=== Data in this exercise ===
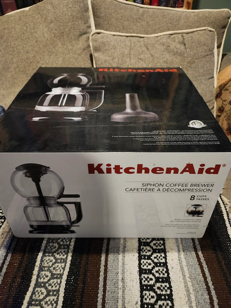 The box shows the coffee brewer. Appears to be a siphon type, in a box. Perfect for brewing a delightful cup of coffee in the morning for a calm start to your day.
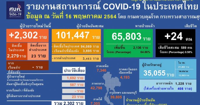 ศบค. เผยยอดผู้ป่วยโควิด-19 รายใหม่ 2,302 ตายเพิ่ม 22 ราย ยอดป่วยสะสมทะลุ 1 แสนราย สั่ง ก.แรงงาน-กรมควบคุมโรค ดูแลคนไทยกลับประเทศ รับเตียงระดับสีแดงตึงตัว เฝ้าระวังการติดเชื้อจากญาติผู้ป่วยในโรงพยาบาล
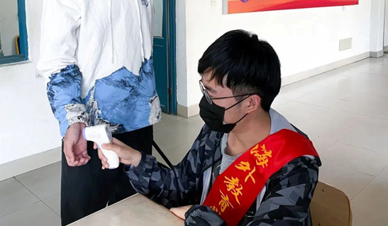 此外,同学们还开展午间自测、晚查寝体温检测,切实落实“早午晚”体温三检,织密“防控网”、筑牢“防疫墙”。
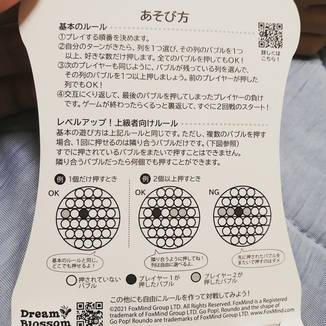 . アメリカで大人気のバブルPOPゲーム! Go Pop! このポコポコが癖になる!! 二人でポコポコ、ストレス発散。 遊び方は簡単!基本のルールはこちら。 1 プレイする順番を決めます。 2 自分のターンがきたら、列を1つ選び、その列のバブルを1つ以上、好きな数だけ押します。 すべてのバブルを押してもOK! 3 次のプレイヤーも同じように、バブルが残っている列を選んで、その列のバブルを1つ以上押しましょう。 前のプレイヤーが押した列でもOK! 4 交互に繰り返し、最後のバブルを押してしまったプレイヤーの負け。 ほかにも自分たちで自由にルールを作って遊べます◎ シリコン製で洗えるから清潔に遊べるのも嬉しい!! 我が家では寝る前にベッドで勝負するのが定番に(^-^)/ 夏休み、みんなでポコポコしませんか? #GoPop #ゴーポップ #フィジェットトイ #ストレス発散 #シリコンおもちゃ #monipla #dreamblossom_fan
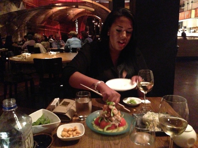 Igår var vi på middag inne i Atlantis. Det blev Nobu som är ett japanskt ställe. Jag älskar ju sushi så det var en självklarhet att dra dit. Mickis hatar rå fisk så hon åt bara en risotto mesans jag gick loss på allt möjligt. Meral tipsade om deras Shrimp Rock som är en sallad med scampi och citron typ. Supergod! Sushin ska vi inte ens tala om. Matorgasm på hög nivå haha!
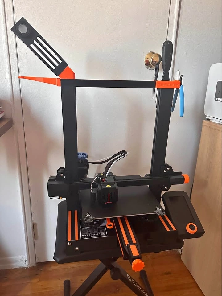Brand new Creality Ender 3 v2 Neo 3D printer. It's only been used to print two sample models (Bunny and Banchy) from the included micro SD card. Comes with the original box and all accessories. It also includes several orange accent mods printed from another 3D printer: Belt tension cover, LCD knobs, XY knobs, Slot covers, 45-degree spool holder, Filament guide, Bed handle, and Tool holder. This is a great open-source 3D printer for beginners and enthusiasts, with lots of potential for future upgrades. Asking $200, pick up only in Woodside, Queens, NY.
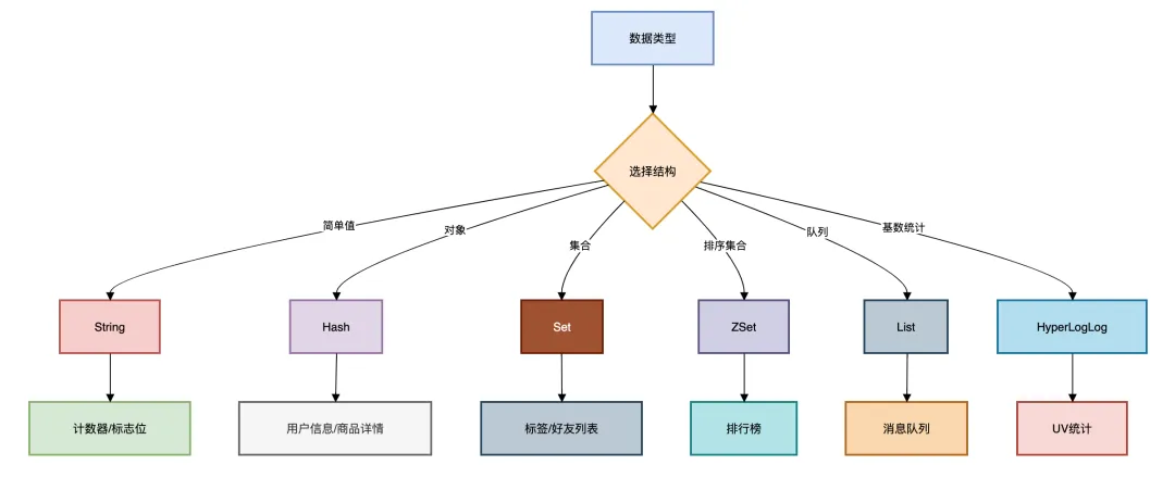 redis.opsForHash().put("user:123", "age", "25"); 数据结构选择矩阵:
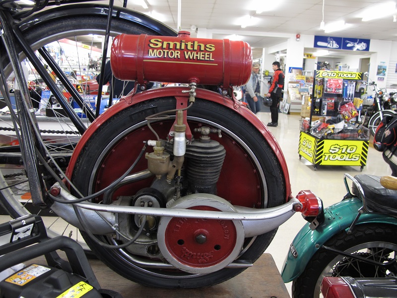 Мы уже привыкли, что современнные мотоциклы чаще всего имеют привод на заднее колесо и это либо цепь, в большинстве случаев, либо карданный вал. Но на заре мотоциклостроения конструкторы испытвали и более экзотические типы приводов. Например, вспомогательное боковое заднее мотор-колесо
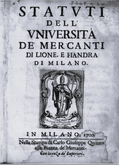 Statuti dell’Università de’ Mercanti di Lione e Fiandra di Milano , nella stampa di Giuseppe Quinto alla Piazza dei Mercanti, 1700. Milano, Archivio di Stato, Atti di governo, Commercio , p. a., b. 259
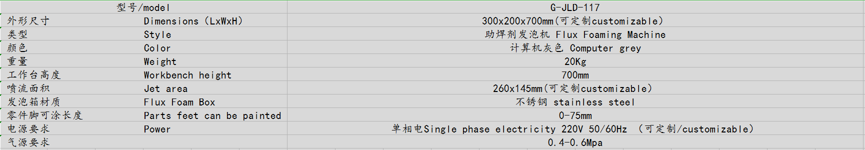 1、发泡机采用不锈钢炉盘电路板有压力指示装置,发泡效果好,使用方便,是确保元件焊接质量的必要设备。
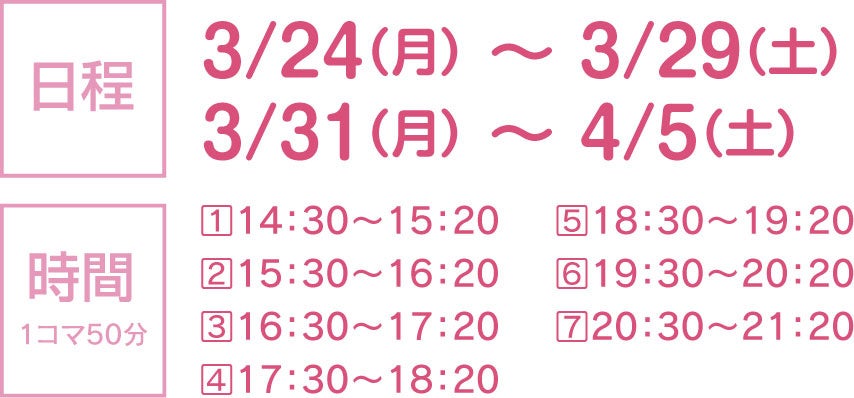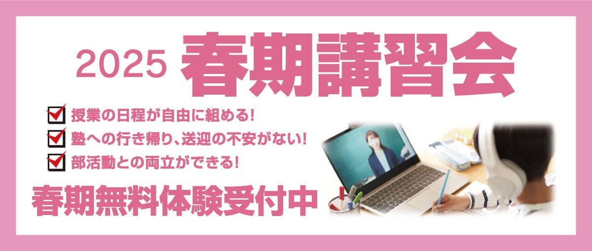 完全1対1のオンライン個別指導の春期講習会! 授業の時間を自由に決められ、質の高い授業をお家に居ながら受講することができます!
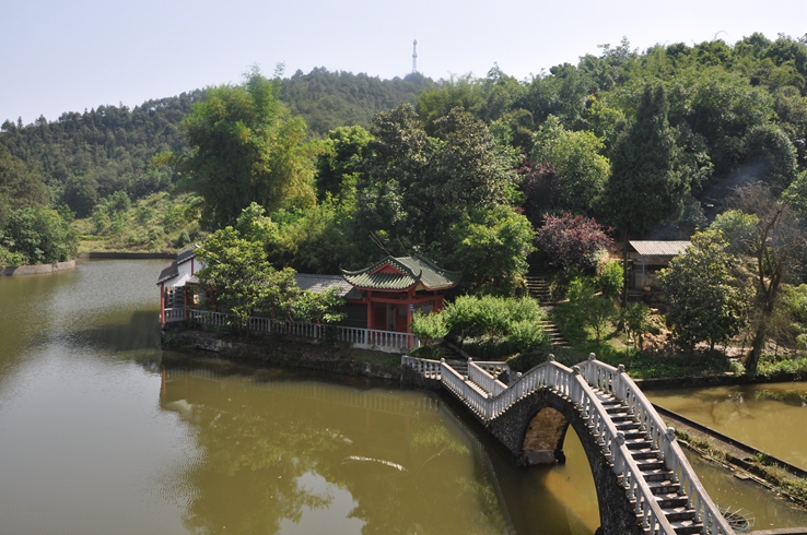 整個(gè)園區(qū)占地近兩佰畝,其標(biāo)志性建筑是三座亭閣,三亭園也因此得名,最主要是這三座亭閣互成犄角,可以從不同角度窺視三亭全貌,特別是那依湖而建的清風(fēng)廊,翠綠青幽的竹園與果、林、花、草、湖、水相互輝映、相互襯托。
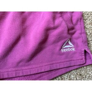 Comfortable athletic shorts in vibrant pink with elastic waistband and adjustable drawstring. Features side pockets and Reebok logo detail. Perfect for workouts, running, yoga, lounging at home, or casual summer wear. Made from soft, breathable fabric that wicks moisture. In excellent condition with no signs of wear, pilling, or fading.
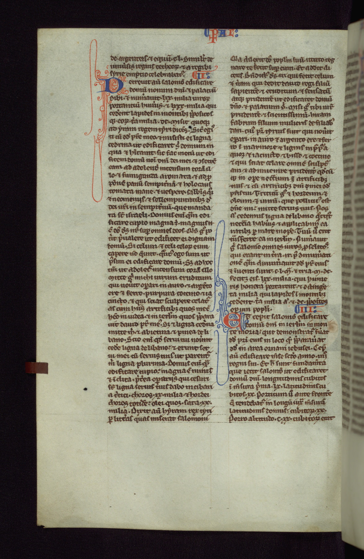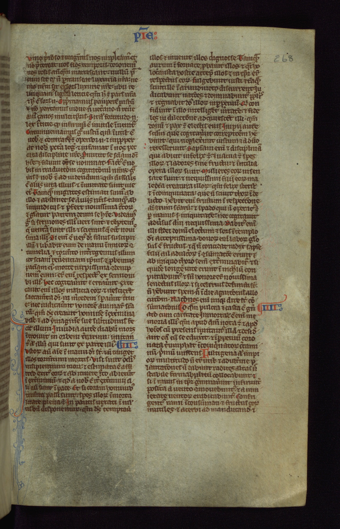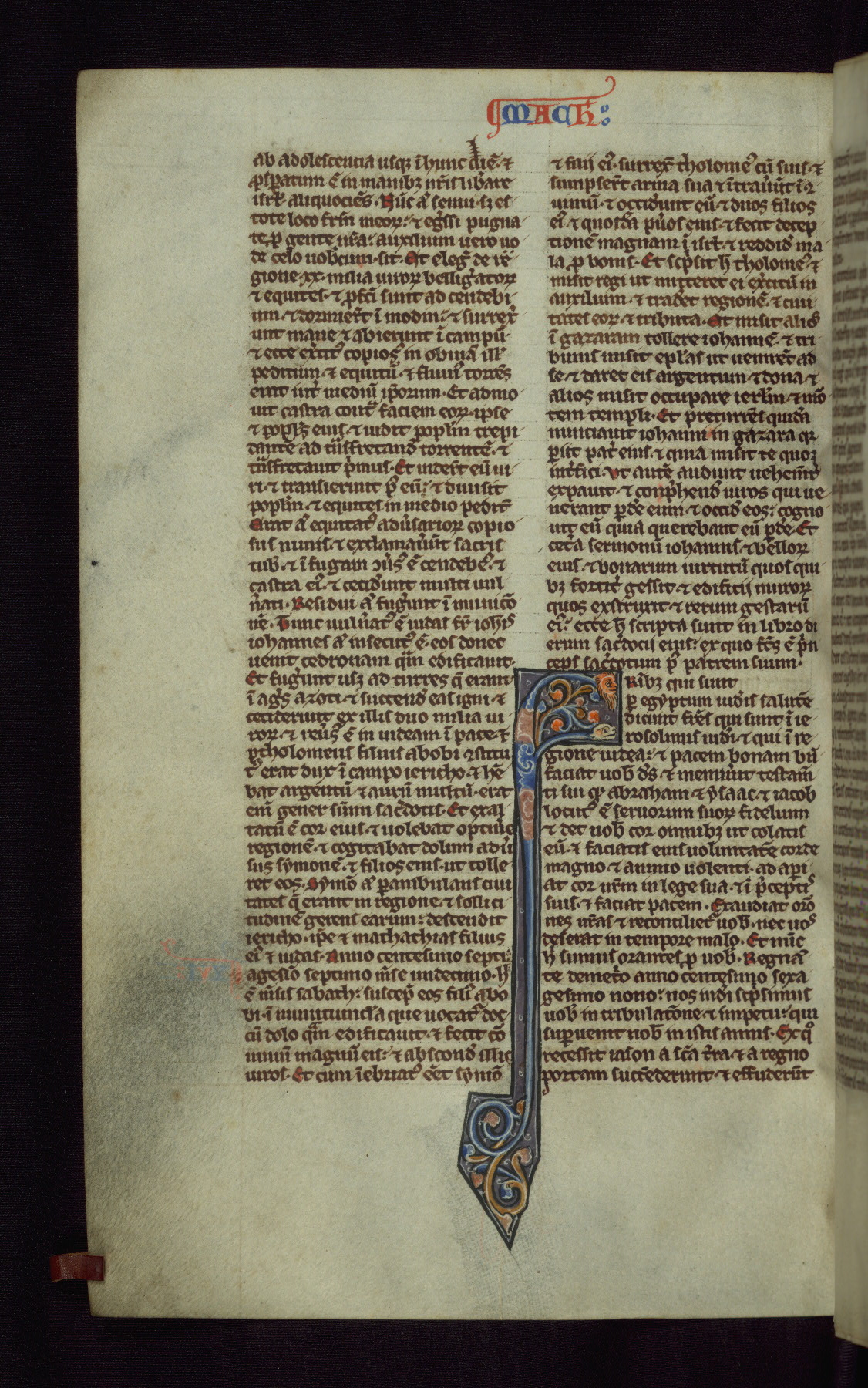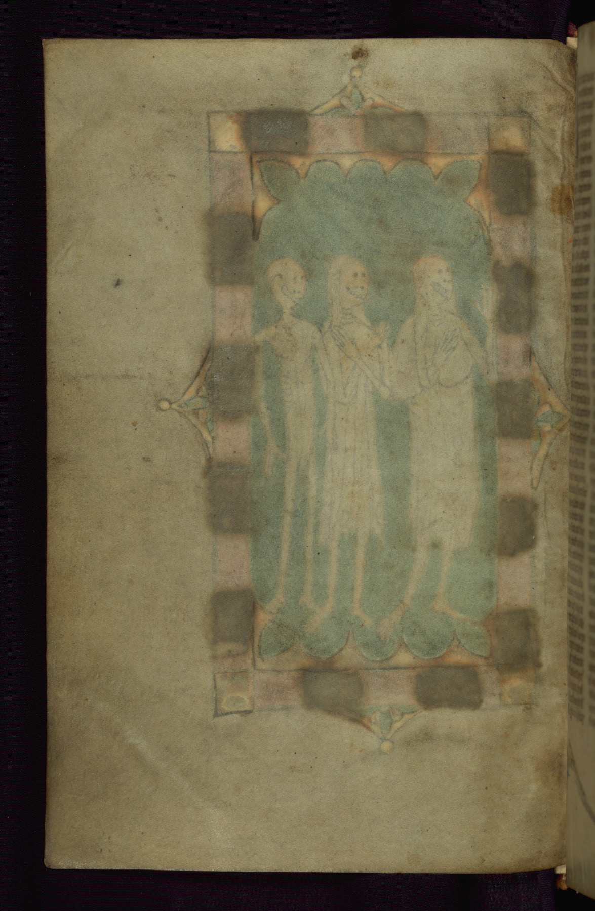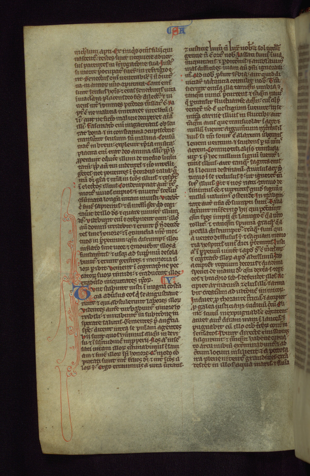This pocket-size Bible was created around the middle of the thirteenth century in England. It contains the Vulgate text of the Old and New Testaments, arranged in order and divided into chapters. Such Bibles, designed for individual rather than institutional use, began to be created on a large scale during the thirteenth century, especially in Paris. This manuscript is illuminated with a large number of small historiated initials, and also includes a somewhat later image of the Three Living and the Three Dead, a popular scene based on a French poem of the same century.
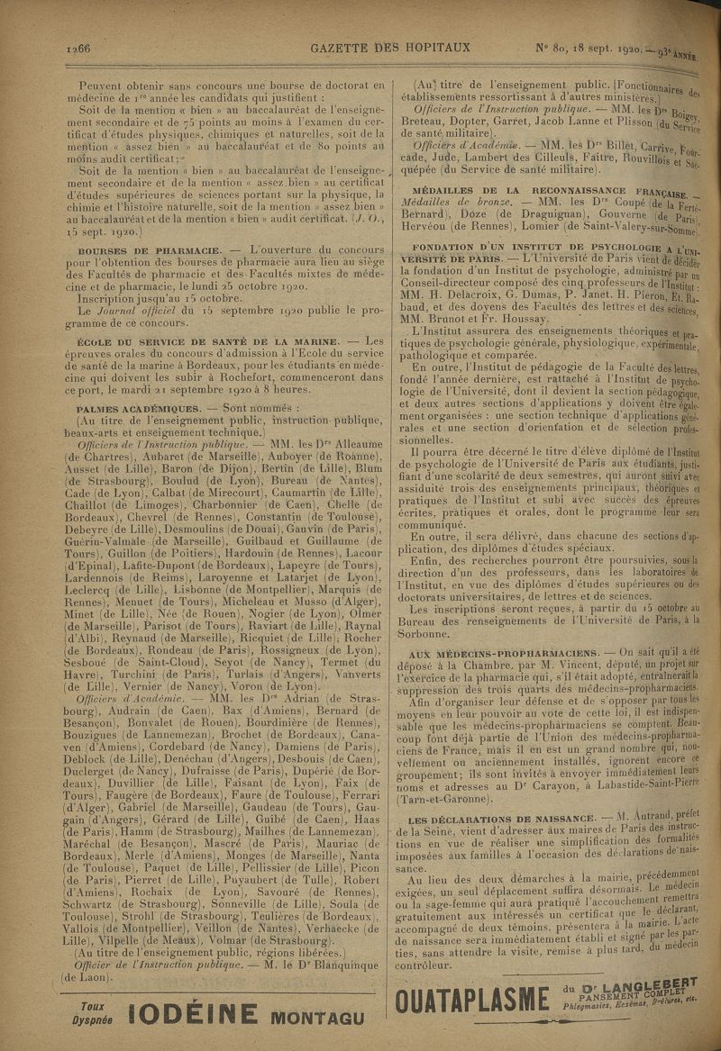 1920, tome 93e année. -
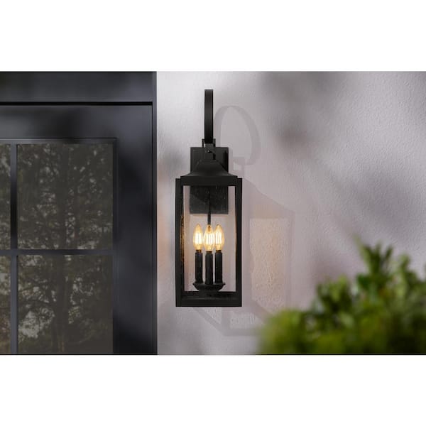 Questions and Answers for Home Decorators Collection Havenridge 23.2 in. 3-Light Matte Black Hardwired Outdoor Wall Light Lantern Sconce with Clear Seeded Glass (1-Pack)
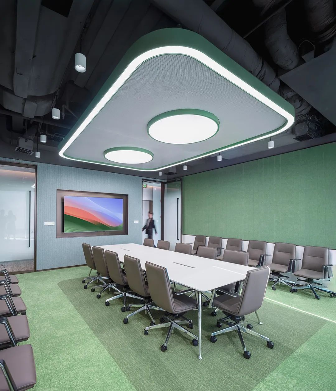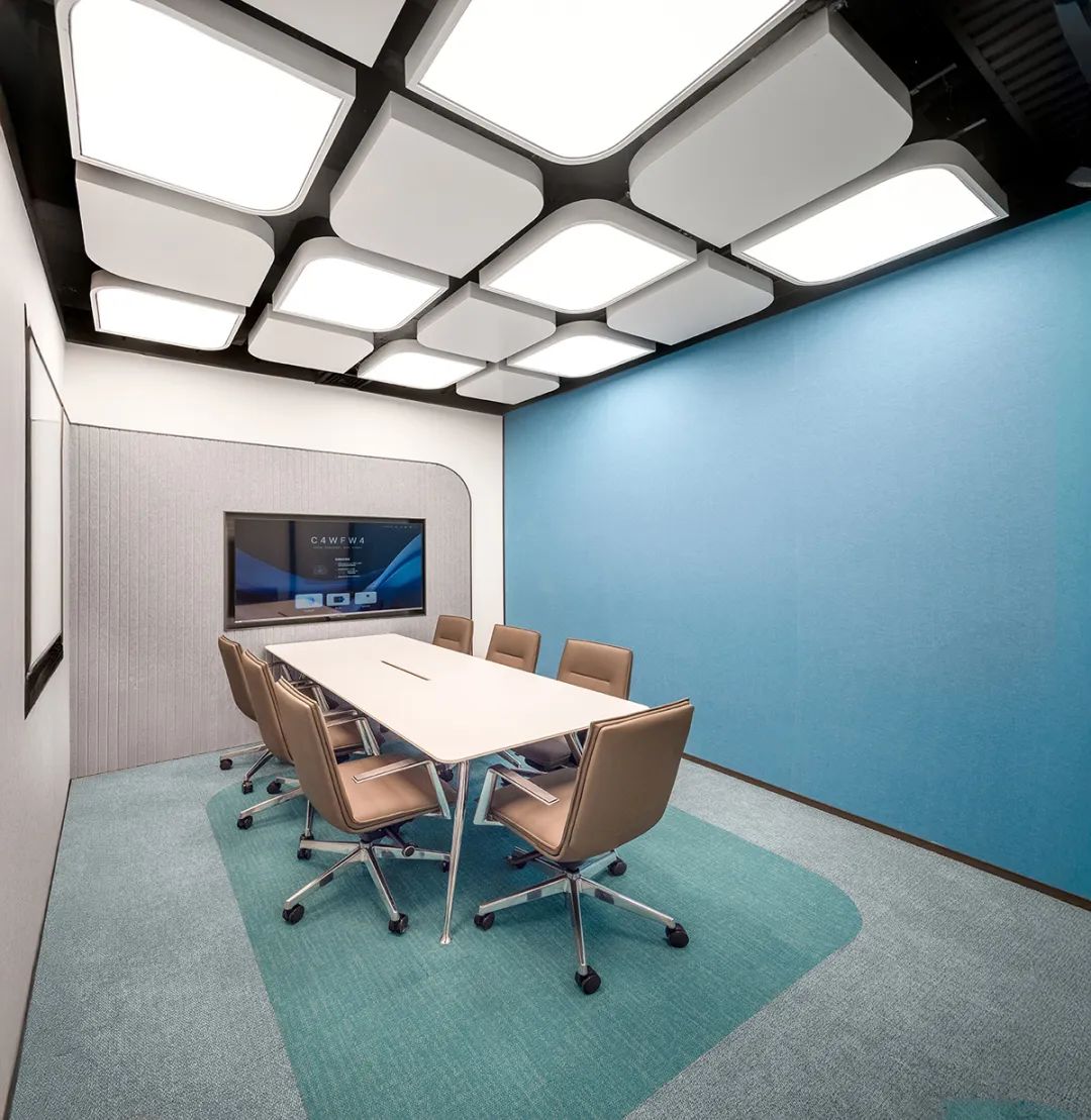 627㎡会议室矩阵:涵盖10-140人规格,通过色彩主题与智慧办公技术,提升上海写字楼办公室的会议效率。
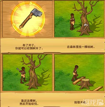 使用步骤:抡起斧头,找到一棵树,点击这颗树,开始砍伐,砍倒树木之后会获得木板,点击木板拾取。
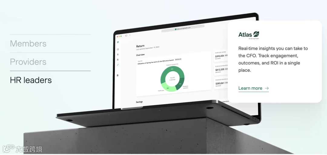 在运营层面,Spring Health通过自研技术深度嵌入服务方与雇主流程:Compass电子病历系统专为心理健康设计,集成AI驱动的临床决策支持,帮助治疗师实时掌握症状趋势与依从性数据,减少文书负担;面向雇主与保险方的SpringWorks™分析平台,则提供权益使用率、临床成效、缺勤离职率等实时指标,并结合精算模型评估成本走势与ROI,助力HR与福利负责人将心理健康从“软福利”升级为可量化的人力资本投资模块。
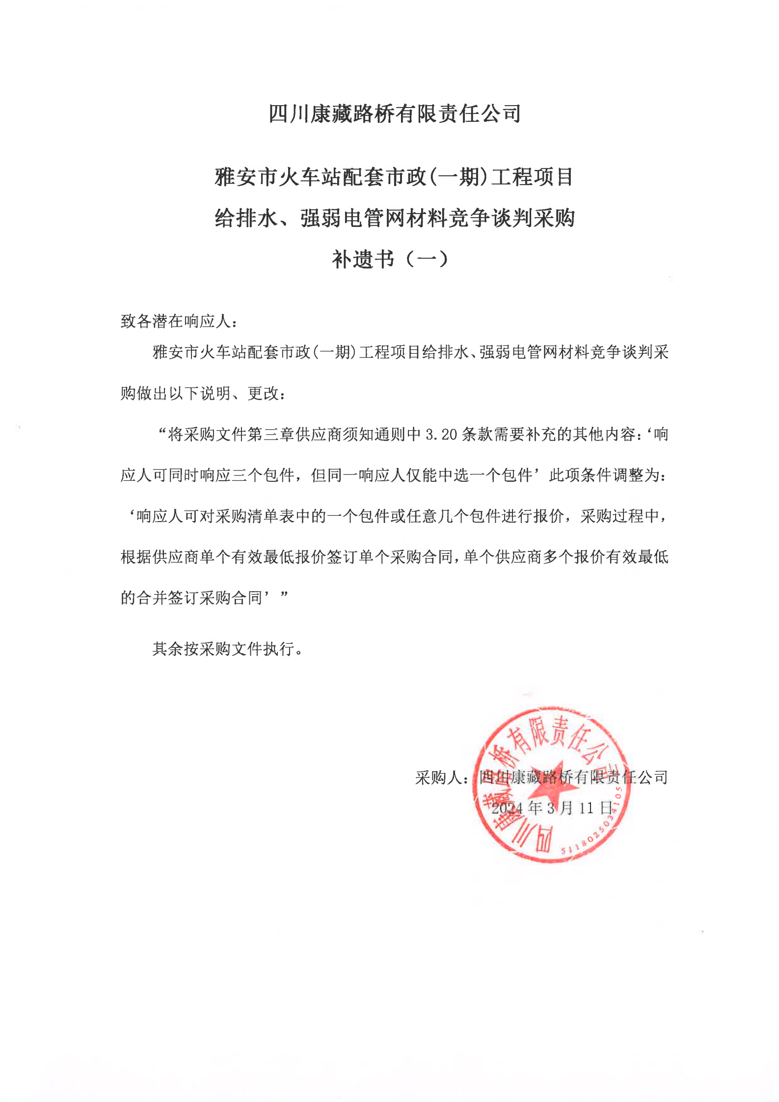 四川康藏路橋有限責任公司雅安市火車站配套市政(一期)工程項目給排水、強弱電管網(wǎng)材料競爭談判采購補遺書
===
_What is required_
Work from the entries above. Set down exactly and only the lines from the line with "Igår var vi" to the line with "Comfortable athletic shorts", both included, and leave the pictures out.

_The answer_
 Igår var vi på middag inne i Atlantis. Det blev Nobu som är ett japanskt ställe. Jag älskar ju sushi så det var en självklarhet att dra dit. Mickis hatar rå fisk så hon åt bara en risotto mesans jag gick loss på allt möjligt. Meral tipsade om deras Shrimp Rock som är en sallad med scampi och citron typ. Supergod! Sushin ska vi inte ens tala om. Matorgasm på hög nivå haha!
Brand new Creality Ender 3 v2 Neo 3D printer. It's only been used to print two sample models (Bunny and Banchy) from the included micro SD card. Comes with the original box and all accessories. It also includes several orange accent mods printed from another 3D printer: Belt tension cover, LCD knobs, XY knobs, Slot covers, 45-degree spool holder, Filament guide, Bed handle, and Tool holder. This is a great open-source 3D printer for beginners and enthusiasts, with lots of potential for future upgrades. Asking $200, pick up only in Woodside, Queens, NY.
 redis.opsForHash().put("user:123", "age", "25"); 数据结构选择矩阵:
 Мы уже привыкли, что современнные мотоциклы чаще всего имеют привод на заднее колесо и это либо цепь, в большинстве случаев, либо карданный вал. Но на заре мотоциклостроения конструкторы испытвали и более экзотические типы приводов. Например, вспомогательное боковое заднее мотор-колесо
 Statuti dell’Università de’ Mercanti di Lione e Fiandra di Milano , nella stampa di Giuseppe Quinto alla Piazza dei Mercanti, 1700. Milano, Archivio di Stato, Atti di governo, Commercio , p. a., b. 259
 1、发泡机采用不锈钢炉盘电路板有压力指示装置,发泡效果好,使用方便,是确保元件焊接质量的必要设备。
 完全1対1のオンライン個別指導の春期講習会! 授業の時間を自由に決められ、質の高い授業をお家に居ながら受講することができます!
 整個(gè)園區(qū)占地近兩佰畝,其標(biāo)志性建筑是三座亭閣,三亭園也因此得名,最主要是這三座亭閣互成犄角,可以從不同角度窺視三亭全貌,特別是那依湖而建的清風(fēng)廊,翠綠青幽的竹園與果、林、花、草、湖、水相互輝映、相互襯托。
 Comfortable athletic shorts in vibrant pink with elastic waistband and adjustable drawstring. Features side pockets and Reebok logo detail. Perfect for workouts, running, yoga, lounging at home, or casual summer wear. Made from soft, breathable fabric that wicks moisture. In excellent condition with no signs of wear, pilling, or fading.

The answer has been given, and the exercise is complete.